Material supplied:
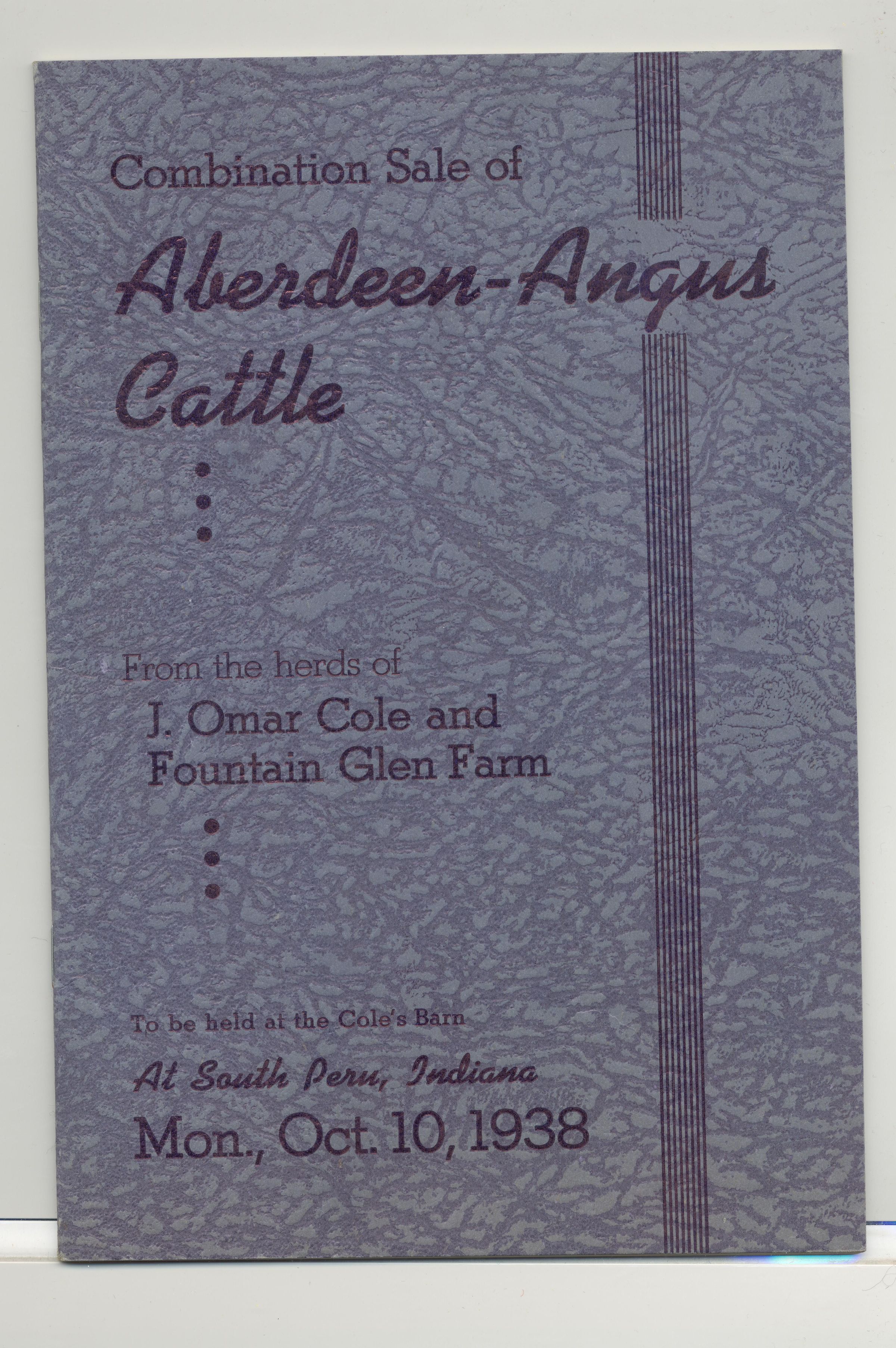 CAT, CATTLE, 1938, IN. ABERDEEN-ANGUS, FOUNTAIN GLEN FARM. COL. WM COOPER, L.A. SHIVLEY, WILBUR L. CLAIR, AUCTS. 32 PP. 6" X 8 3/4"Created By
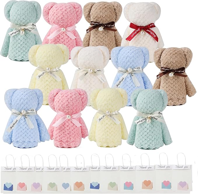 タオル12個セット ハンカチ プチギフト ハンドタオル プレゼントプチギフト 個包装 かわいい パールくまさん ベアー ギフト 景品 退職 退院 引っ越しの挨拶 結婚式 お返し粗品 メッセージカード ラッピングバック付き
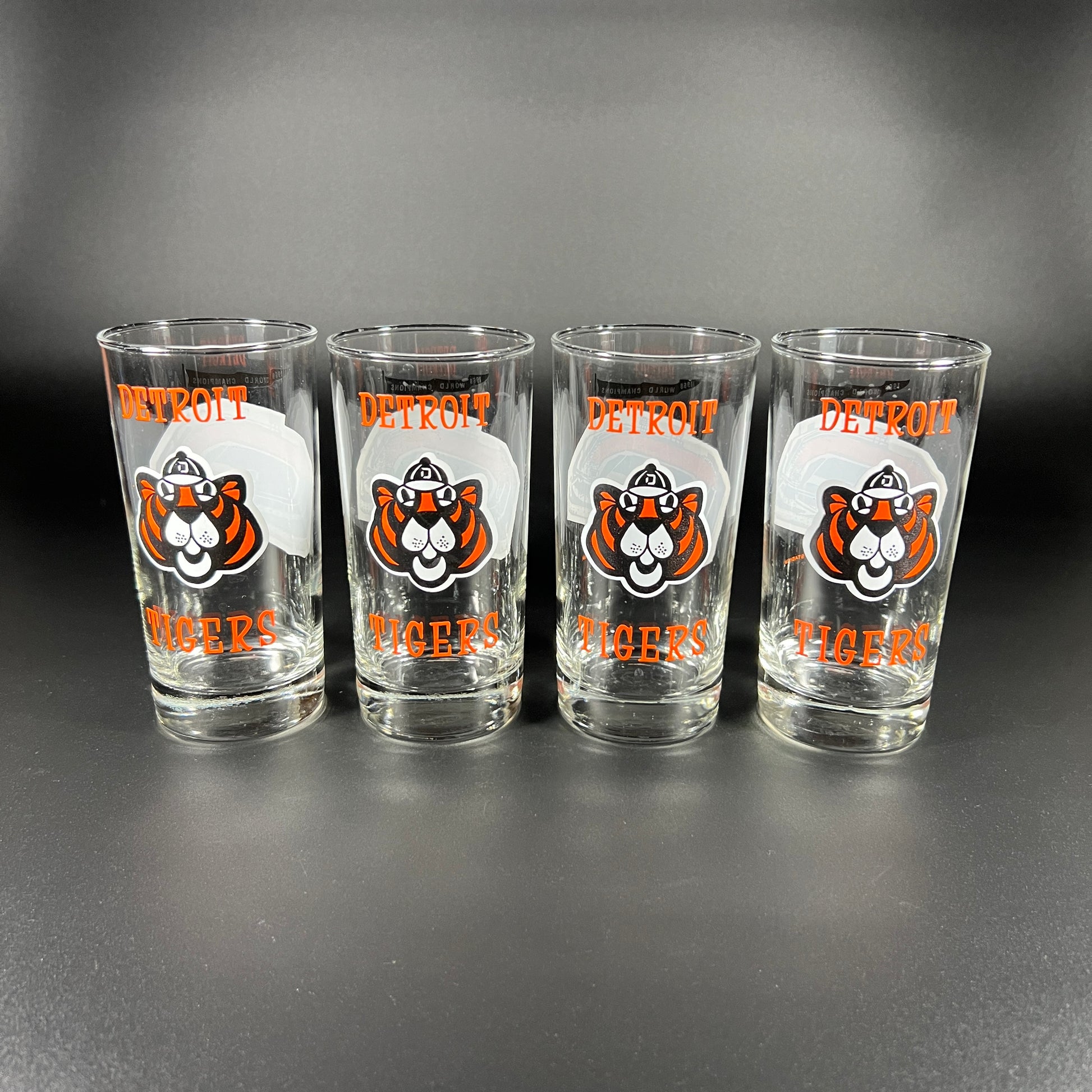 Celebrate the Detroit Tigers' 1968 World Series victory with this stunning set of 4 vintage glasses, each showcasing the iconic Tigers' logo on the front and stadium on the back. These glasses capture the excitement of that unforgettable season and are the perfect way to commemorate one of baseball's great moments. Whether you're a dedicated Tigers fan or a sports memorabilia collector, this set is an excellent addition to your collection. Great for enjoying your favorite beverages while reminiscing about the Tigers' historic win! Don't miss out on the opportunity to own a piece of Detroit sports history. Each glass measures 5.5 H with a opening of 2.75.
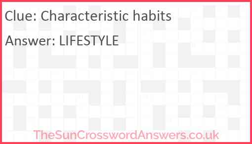Characteristic habits is a crossword clue for which we have 1 possible answer and we have spotted 2 times in our database. This crossword clue was last seen on 25 August 2023 in The Sun Coffee Time Crossword puzzle!
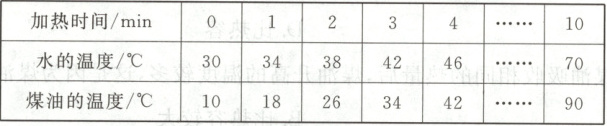 相同的水和煤油,分别倒入烧杯中,用电加热器加热,当它们吸收相同的热量时,通过比较升高的温度
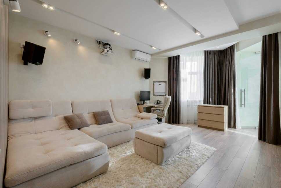 - Простор. Сейчас уже практически невозможно встретить гостиную с различными ширмами и перегородками. Это объясняется тем, что кроме солнечных лучей, в комнате должен циркулировать еще и воздух. Если вы являетесь обладателем небольшого помещения, попробуйте объединить его с кухней. Идея квартиры-студии актуальна уже многие годы, поскольку создает иллюзию расширения площади.
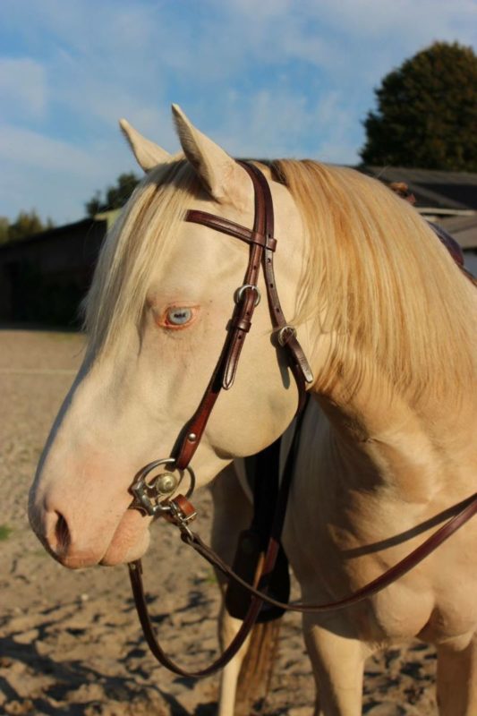 Da Blue ein doppelt aufgehellter Brauner (Perlino) gibt er an seine Nachzuchten IMMER ein Cremgen mit. Hinzu ist Blue 7 Pannel negativ.
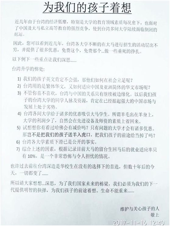 原標(biāo)題:馬來(lái)西亞中學(xué)瘋傳這封公開(kāi)信,臺(tái)灣怎么辦? 馬來(lái)西亞中學(xué)瘋傳一封“別讓孩子到臺(tái)灣念大學(xué)”的公開(kāi)信,在島內(nèi)引發(fā)關(guān)注。
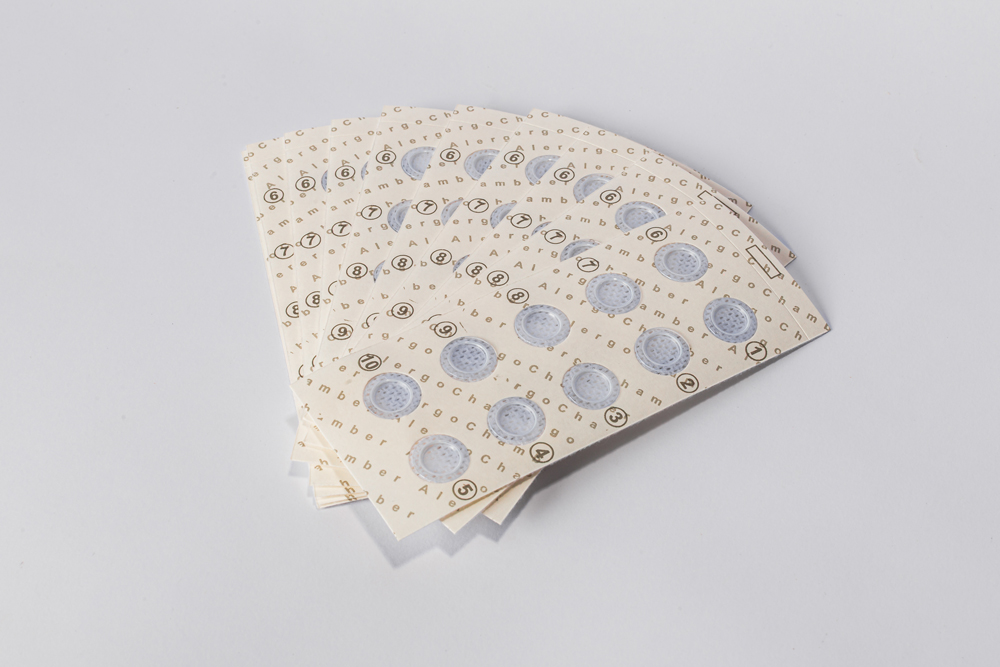 Alergochamber são câmaras com formato circular medindo 8 mm de diâmetro interno, apresentando bordas elevadas para formar uma cavidade com capacidade para 35 µL, são utilizadas única e exclusivamente para a colocação de alérgenos em suas cavidades para os testes epicutâneos (testes alergênicos de contato).
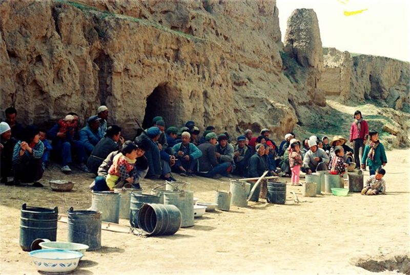 上世紀70年代,甘肅中部的定西等十多個縣大旱,數(shù)百萬群眾等待政府送水(來源:甘肅省水利廳網(wǎng)站)
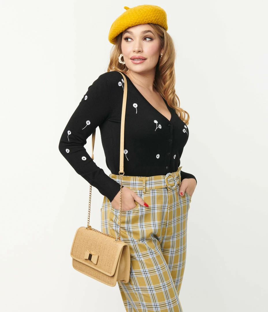This darling cardigan is crafted in a black soft knit and features white embroidered daisies throughout. The button front leads to the V-neckline framed by slender long sleeves.
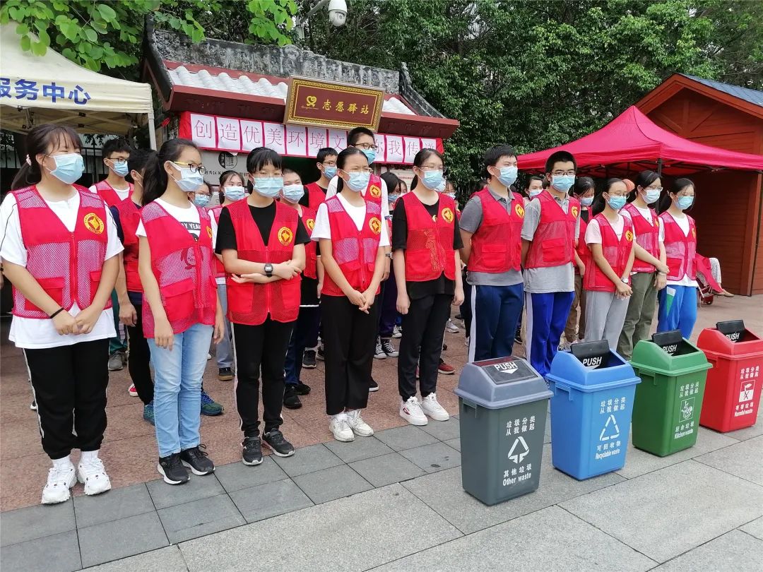 活动现场设置有四色垃圾桶模型和生活垃圾宣传栏,驿站志愿团队成员首先借助模型和宣传栏向青年志愿者们讲解垃圾分类知识,包括可回收垃圾、有害垃圾、餐厨垃圾和其他垃圾四类生活垃圾具体如何界定等。
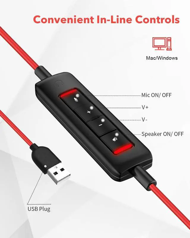 NUBWO PC Headset with Mic, USB Computer Headset with Detachable surround sound Vol./Mute USB Control, On-Ear Wire VoIP Headsets for casual gaming, e-learning and music
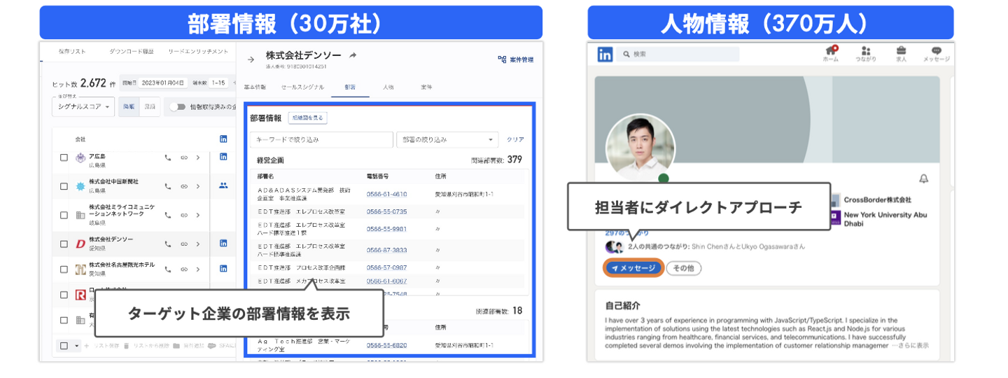 「Sales Marker」は、日本最大級の人物データベース(370万件)と企業データ(500万件)を組み合わせることで、アプローチすべき部署・人物などを特定します。![]()

Your objective:
Print, exactly as written, the lines above from the first one to the one containing "Celebrate the Detroit". Leave out pictures.

Response for this exercise:
 CAT, CATTLE, 1938, IN. ABERDEEN-ANGUS, FOUNTAIN GLEN FARM. COL. WM COOPER, L.A. SHIVLEY, WILBUR L. CLAIR, AUCTS. 32 PP. 6" X 8 3/4"Created By
 タオル12個セット ハンカチ プチギフト ハンドタオル プレゼントプチギフト 個包装 かわいい パールくまさん ベアー ギフト 景品 退職 退院 引っ越しの挨拶 結婚式 お返し粗品 メッセージカード ラッピングバック付き
 Celebrate the Detroit Tigers' 1968 World Series victory with this stunning set of 4 vintage glasses, each showcasing the iconic Tigers' logo on the front and stadium on the back. These glasses capture the excitement of that unforgettable season and are the perfect way to commemorate one of baseball's great moments. Whether you're a dedicated Tigers fan or a sports memorabilia collector, this set is an excellent addition to your collection. Great for enjoying your favorite beverages while reminiscing about the Tigers' historic win! Don't miss out on the opportunity to own a piece of Detroit sports history. Each glass measures 5.5 H with a opening of 2.75.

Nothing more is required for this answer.